(WHAT THE TASK REQUIRES): Every line from the one containing "Шланг поливочный армированный" to the end of the records below must be copied exactly, and no pictures may be included.

[Entries taken from a collection]
######

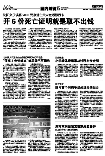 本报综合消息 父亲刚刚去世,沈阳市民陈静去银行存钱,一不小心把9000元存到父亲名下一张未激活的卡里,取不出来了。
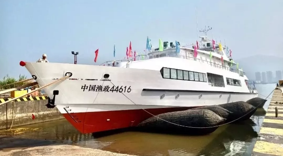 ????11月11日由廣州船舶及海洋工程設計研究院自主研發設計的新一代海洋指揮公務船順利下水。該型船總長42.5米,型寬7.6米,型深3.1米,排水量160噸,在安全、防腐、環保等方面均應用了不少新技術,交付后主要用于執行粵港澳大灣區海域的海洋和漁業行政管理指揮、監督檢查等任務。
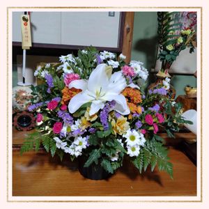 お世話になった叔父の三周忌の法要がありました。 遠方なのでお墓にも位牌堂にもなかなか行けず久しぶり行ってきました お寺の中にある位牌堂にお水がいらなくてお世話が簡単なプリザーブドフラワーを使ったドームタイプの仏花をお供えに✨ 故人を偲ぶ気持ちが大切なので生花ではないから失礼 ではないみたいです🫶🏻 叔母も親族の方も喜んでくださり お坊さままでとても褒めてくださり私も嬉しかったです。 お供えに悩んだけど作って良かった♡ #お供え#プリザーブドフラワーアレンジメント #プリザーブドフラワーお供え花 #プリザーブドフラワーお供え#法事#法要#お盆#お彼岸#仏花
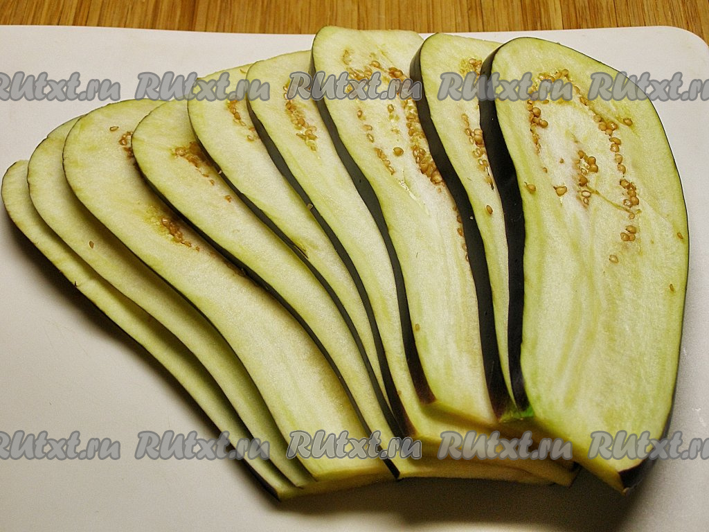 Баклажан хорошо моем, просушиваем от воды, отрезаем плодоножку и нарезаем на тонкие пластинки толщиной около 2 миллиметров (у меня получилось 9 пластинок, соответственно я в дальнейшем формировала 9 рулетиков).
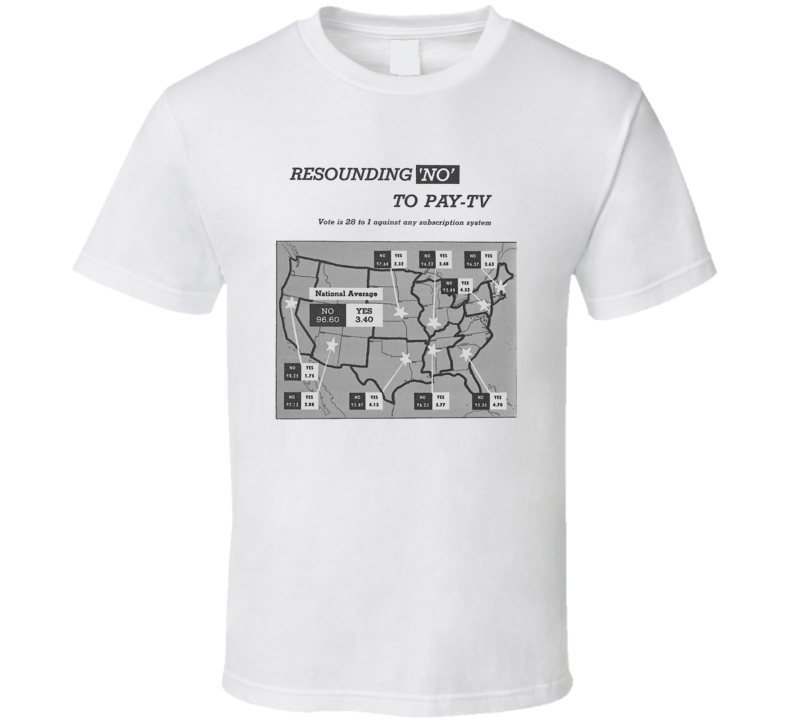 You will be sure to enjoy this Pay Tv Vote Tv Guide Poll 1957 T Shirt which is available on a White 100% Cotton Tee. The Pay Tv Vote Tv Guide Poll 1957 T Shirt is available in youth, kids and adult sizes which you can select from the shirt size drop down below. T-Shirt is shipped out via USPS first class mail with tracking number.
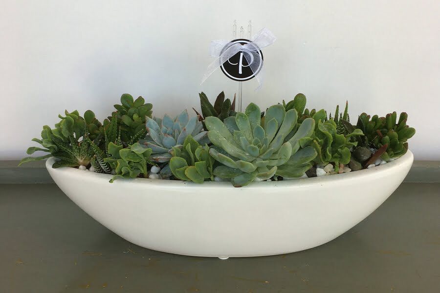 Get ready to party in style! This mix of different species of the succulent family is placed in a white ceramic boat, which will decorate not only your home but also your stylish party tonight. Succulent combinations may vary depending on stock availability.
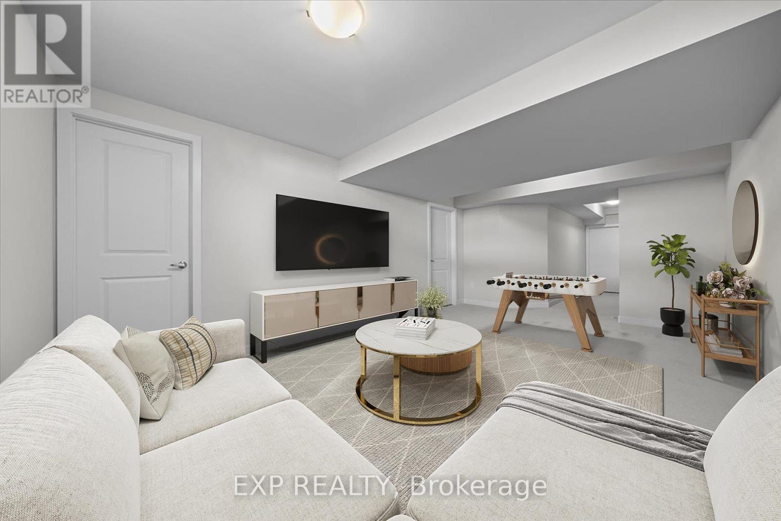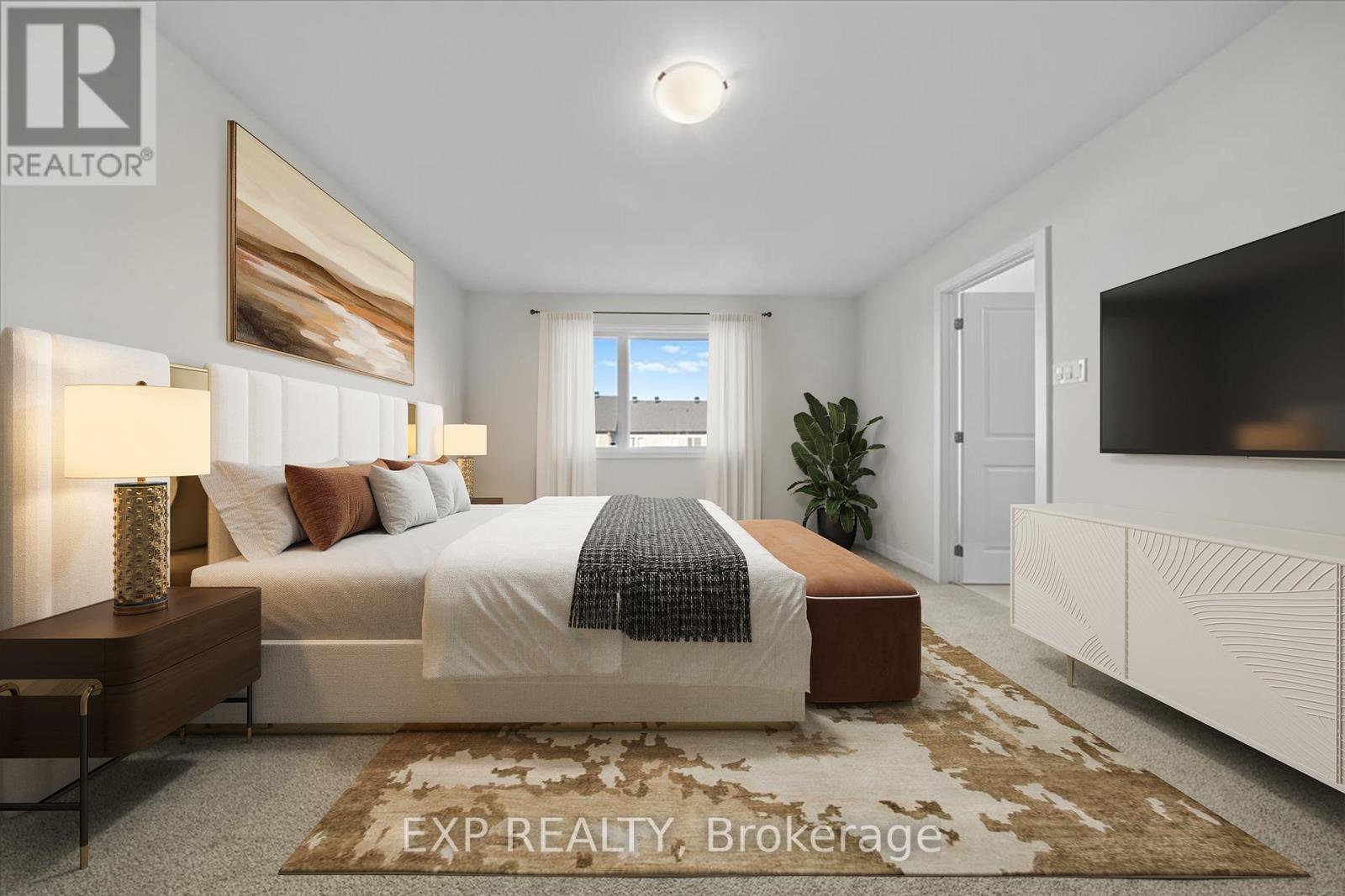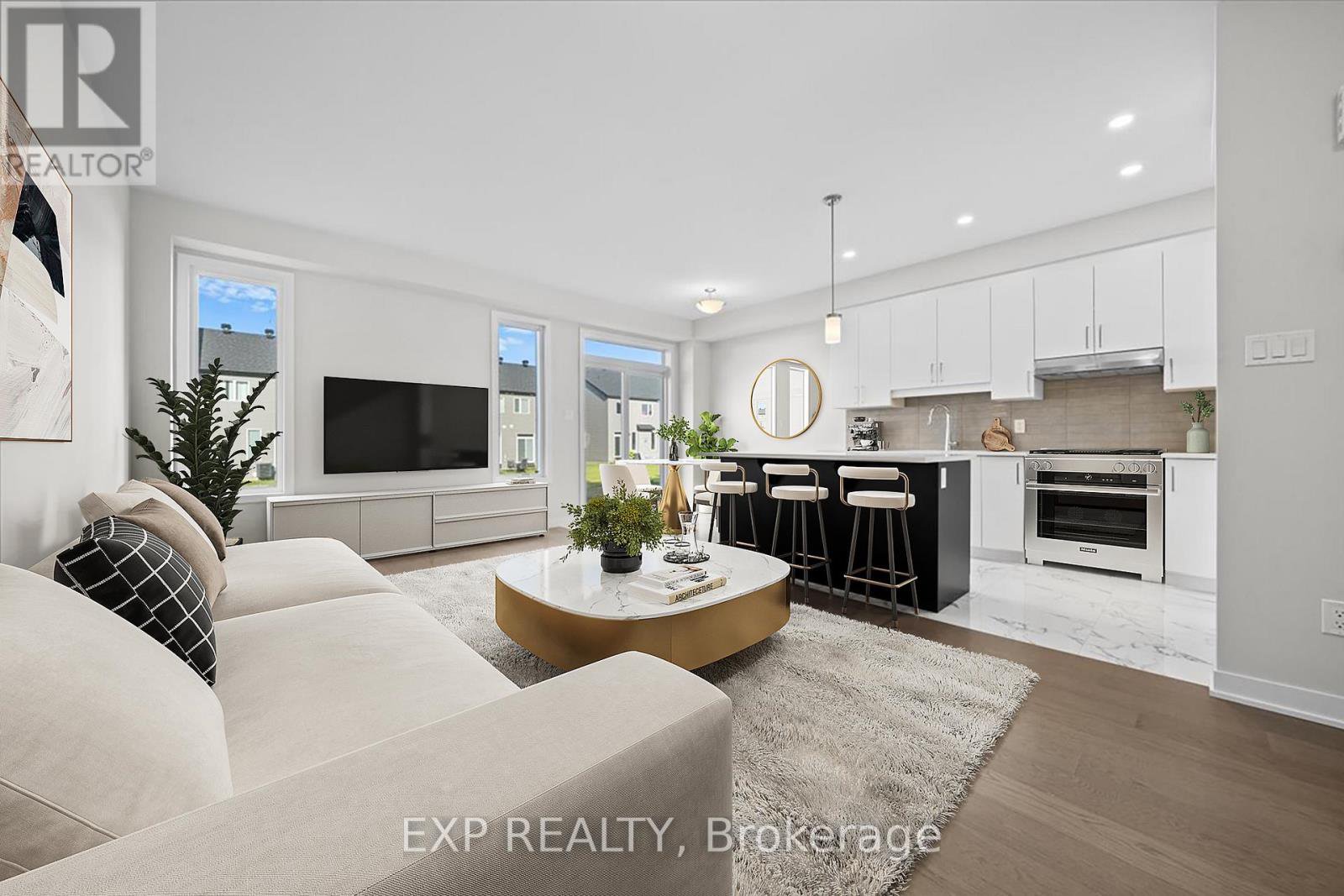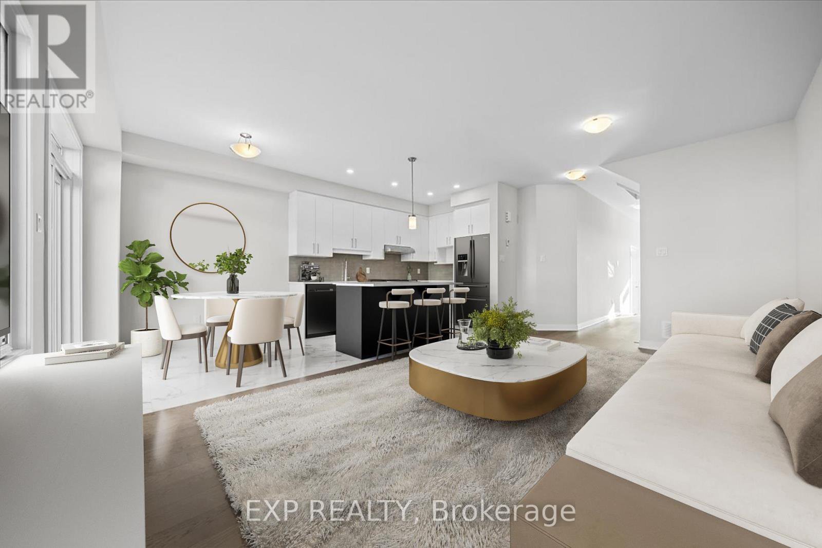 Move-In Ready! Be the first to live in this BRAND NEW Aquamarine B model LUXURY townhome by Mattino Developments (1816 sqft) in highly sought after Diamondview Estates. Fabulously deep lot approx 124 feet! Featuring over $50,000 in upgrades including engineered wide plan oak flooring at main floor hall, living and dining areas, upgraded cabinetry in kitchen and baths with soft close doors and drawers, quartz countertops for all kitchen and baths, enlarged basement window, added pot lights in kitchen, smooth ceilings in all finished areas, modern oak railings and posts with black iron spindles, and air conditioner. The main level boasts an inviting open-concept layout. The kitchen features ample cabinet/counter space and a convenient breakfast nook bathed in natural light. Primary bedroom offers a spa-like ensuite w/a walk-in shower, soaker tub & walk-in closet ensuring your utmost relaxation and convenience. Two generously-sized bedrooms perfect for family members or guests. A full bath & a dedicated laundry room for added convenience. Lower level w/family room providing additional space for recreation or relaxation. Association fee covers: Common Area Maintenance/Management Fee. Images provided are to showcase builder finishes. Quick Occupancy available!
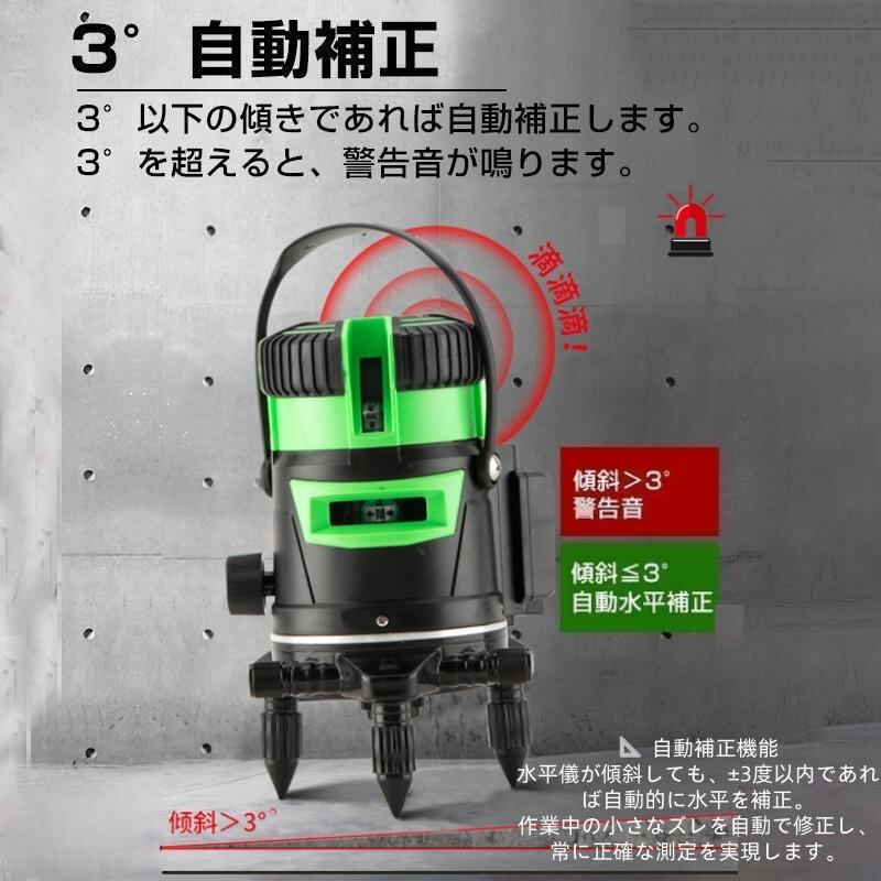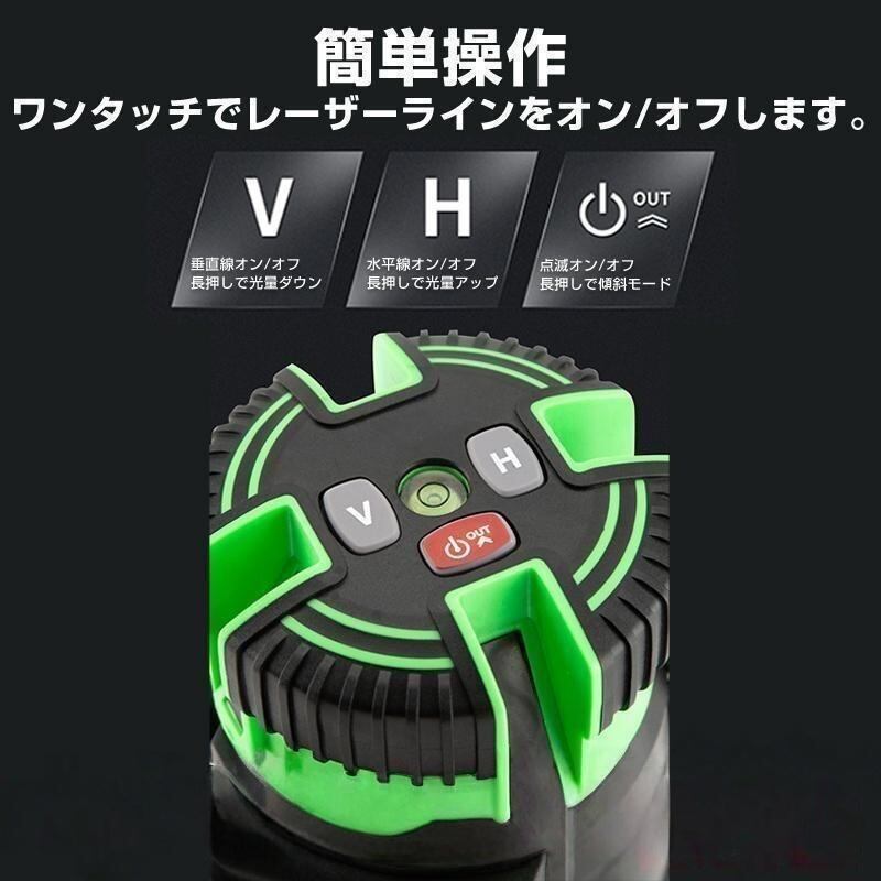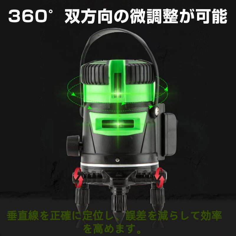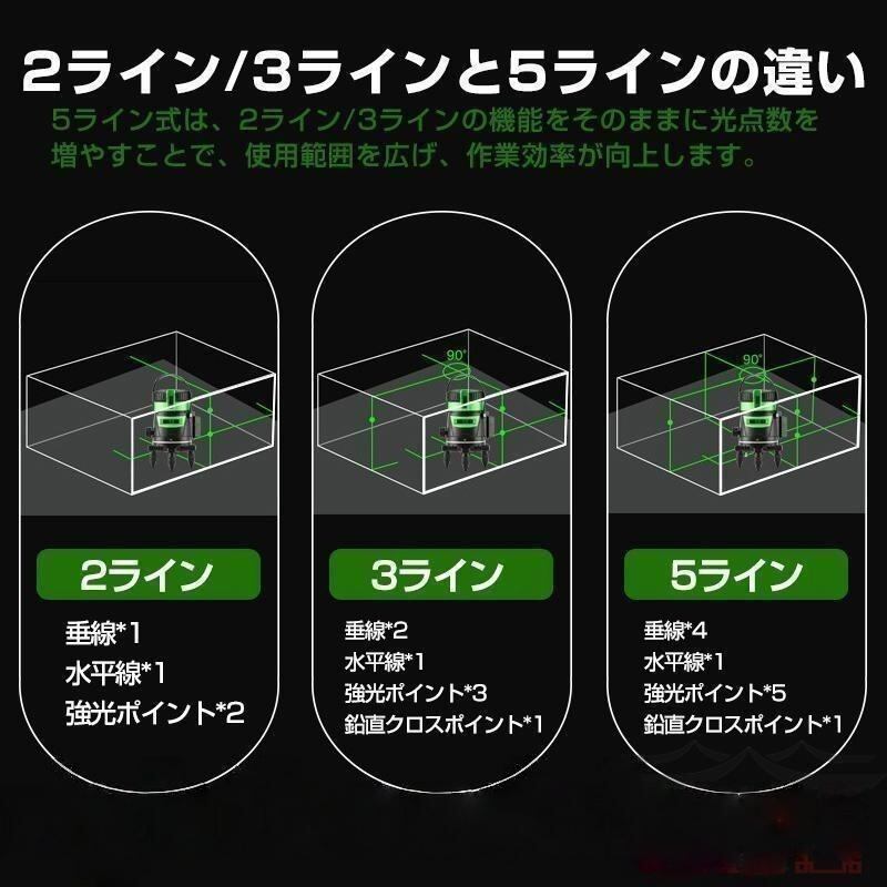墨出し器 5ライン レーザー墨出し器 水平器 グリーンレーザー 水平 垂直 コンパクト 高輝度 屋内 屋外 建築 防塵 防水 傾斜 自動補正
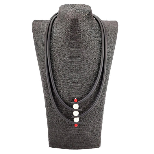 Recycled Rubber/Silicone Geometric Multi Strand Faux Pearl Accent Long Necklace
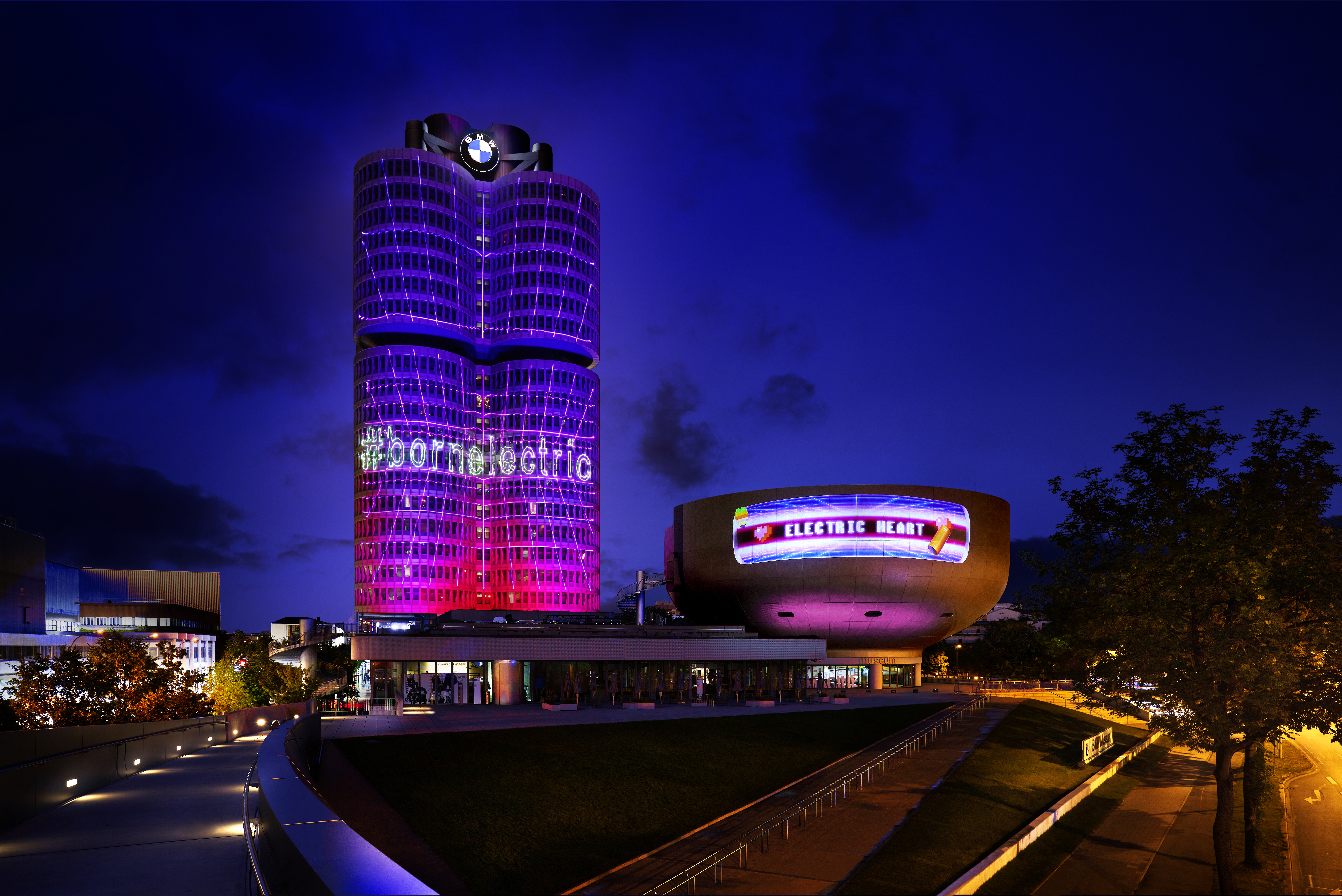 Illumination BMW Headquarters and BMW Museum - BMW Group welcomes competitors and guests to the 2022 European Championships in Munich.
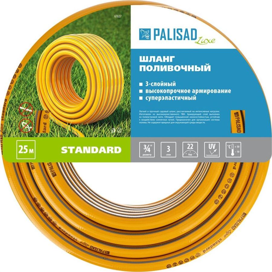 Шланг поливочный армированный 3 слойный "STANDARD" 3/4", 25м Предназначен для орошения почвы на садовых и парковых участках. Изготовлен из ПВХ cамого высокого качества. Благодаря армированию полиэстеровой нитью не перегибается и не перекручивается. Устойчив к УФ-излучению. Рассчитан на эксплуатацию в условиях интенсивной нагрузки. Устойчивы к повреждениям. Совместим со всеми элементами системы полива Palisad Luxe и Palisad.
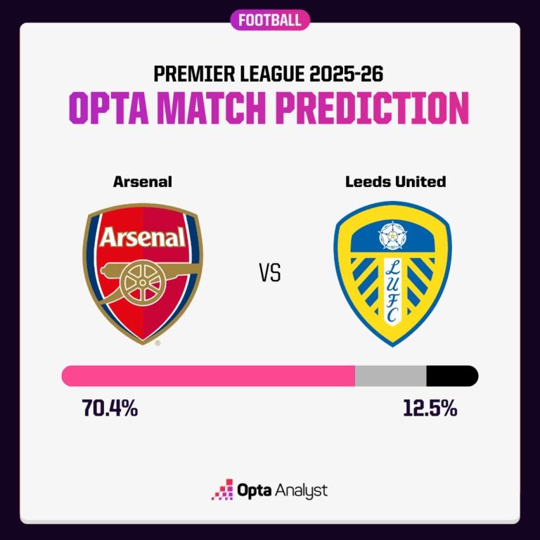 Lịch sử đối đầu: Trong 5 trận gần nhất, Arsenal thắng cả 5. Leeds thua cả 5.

######

(OUTPUT OF THE TASK):
 Шланг поливочный армированный 3 слойный "STANDARD" 3/4", 25м Предназначен для орошения почвы на садовых и парковых участках. Изготовлен из ПВХ cамого высокого качества. Благодаря армированию полиэстеровой нитью не перегибается и не перекручивается. Устойчив к УФ-излучению. Рассчитан на эксплуатацию в условиях интенсивной нагрузки. Устойчивы к повреждениям. Совместим со всеми элементами системы полива Palisad Luxe и Palisad.
 Lịch sử đối đầu: Trong 5 trận gần nhất, Arsenal thắng cả 5. Leeds thua cả 5.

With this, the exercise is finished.